Tyler Roney recently was mistaken for a superhero. The 15-month-old from Tinley Park was out shopping with his mom, Jennifer Roney and twin sister, Megan, when a little girl approached them and asked if Tyler was Spiderman. His unique headgear had attracted the girl’s attention.
In fact, Tyler was wearing a medical device called a DOC (dynamic orthotic cranioplasty) band to correct his deformational plagiocephaly.
Plagiocephaly means that a baby’s head is misshapen and flat on one side or in the back due to too much pressure being applied on the soft skull.
Since 1992, when the American Academy of Pediatrics began advising parents to put their babies to sleep on their backs to prevent sudden infant death syndrome, there has been an increase in the number of babies with plagiocephaly, from 1 in 300 births in 1979 to 1 in 50 today.
If a baby has low muscular tone and control (due to weak neck muscles or being constrained in utero, both of which apply in Tyler’s case), he might be more prone to developing plagiocephaly, says Mary Kay McGuire, a clinician at Cranial Technologies in Oakbrook Terrace, which provides physical and occupational therapy to children.
Back sleeping and spending time in a car seat, bouncy seat or swing exacerbate the problem, because the baby’s head remains pressed against a flat surface.
A cosmetic matter?
While experts debate the long-term impact of plagiocephaly, many studies link it to developmental problems. For example, some babies with the condition might not meet the early major milestones of gaining head control, sitting up or crawling.
McGuire says she sees kids who didn’t spend time on their stomachs strugging later, in kindergarten, with fine motor skills, unable to use crayons or scissors properly. In addition, experts suspect that a baby’s visual perception may be affected by asymmetrical features caused by a lopsided head.

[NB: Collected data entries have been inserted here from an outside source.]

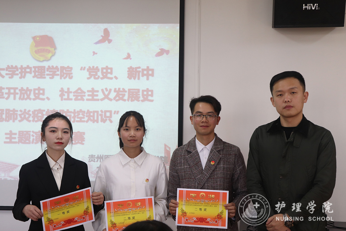 10月20日,经过一轮紧张刺激的初赛选拔后,入围决赛的七位选手展开了激烈的角逐,他们意气风发,用铿锵感人的演讲,引领着师生回到了“南湖航船”之上、建国初故宫的城楼之中、南方讲话的会场之内以及医务人员抗击新冠肺炎的一线战斗中,同学们的演讲内容振奋人心,思想感情起伏跌宕,雄浑的背景音与此起彼伏的掌声一次次点燃了大家的爱国情怀。改革开放以来的中国特色社会主义来之不易、党领导人民取得抗疫斗争重大战略成果更是可歌可泣,这一桩桩一件件在饱含激情的演讲声中重现。此次演讲比赛还有一位特殊的选手,她就是参与了援鄂抗疫的护理学研究生蔡小华,她以自身经历向我们剖析了自身对“四史”的理解和对驰援武汉的亲身感悟,在历时一个多小时的精彩演讲后,最终角逐落下帷幕,2019级护理学甲班石正琴荣获一等奖;2020级助产班彭慧、2018级护理学甲班杨胜礼荣获二等奖;2020级护理学研究生蔡小华、2019级护理学乙班黎政燕、2020级助产班唐梦碟、2020级护理学E班曾陈浩荣获三等奖。
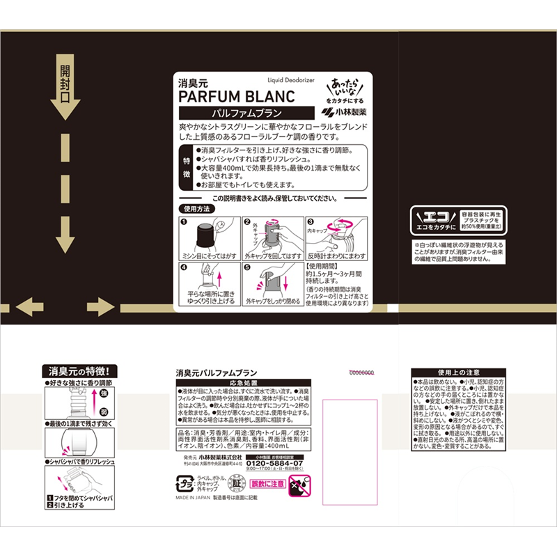 小林製薬 消臭元パルファムブラン 400mL 1パック(ご注文単位1パック)【直送品】
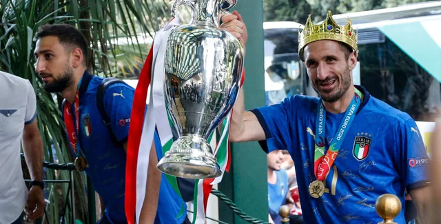 Уболівальники наділи капітану збірної Італії Джорджо Кʼєлліні корону на голову.
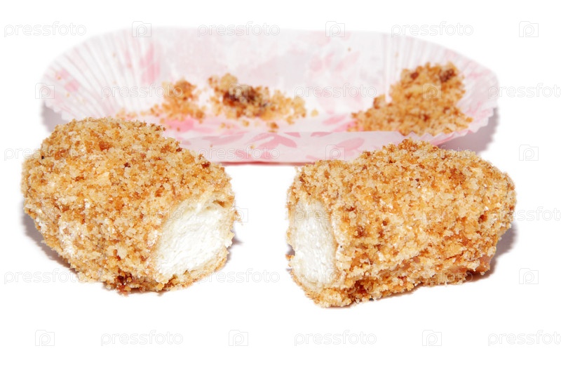 Аппетитный эклер с вкусным кремом на белом фоне
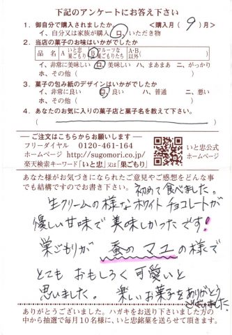 とても美味しくいただきました。時々恵那から買いに行かせてもらっています。大変な世の中ですが、皆様お体に気を付けてこれからも美味しいお菓子を...
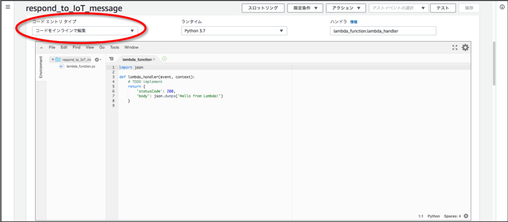 開発規模が大きくなってきたら、「コードエントリタイプ」で「.zipファイルをアップロード」とする形でソースを作成した方がよいのでしょうが、今回はイベントをキャッチしてメッセージをPublishするだけの短いコードですので、「コードをインラインで編集」で、そのままコンソール上でソースコードを編集してしまいます。

Roney’s pediatrician told her not to worry—that Tyler’s misshapen skull eventually would round out on its own. She was told to do some "aggressive repositioning," which involved rotating the baby’s head, doing some stretching exercises and giving him adequate "tummy time." But when Tyler’s head stayed flat and he continued to favor one side, she took matters into her own hands and contacted Cranial Technologies.
The earlier children start therapy, the better results they will have, says McGuire. The best time to start the band phase of treatment is when children are 4 to 6 months old.
Treatment consists of a lightweight band that applies gentle pressure to the malleable skull in order to reshape and round it out. Typically, a baby wears this band 23 hours a day for three to four months.
Roney is thrilled with the results from the band, which she says is easy for her son to wear and has reduced the flatness of his head. "It’s so important to not let a lackadaisical doctor get in the way of treating your baby in a timely fashion," she says.
Lisa Geiger, Downers Grove mom of 18-month old Andrew, agrees. A friend who is an occupational therapist persuaded her to take Andrew for an evaluation. Today, he sports a round head and symmetrical face after a brief stint of wearing the DOC band.
McGuire wishes that the message about plagiocephaly was as "in your face" as the "Back to Sleep" campaign. Roney says that the phrase "tummy time" doesn’t adequately communicate the importance of the activity. "It sounds like something that’s fun and entirely optional," she says, "but it’s not."
Jill S. Browning is a writer and mother of triplets in Downers Grove.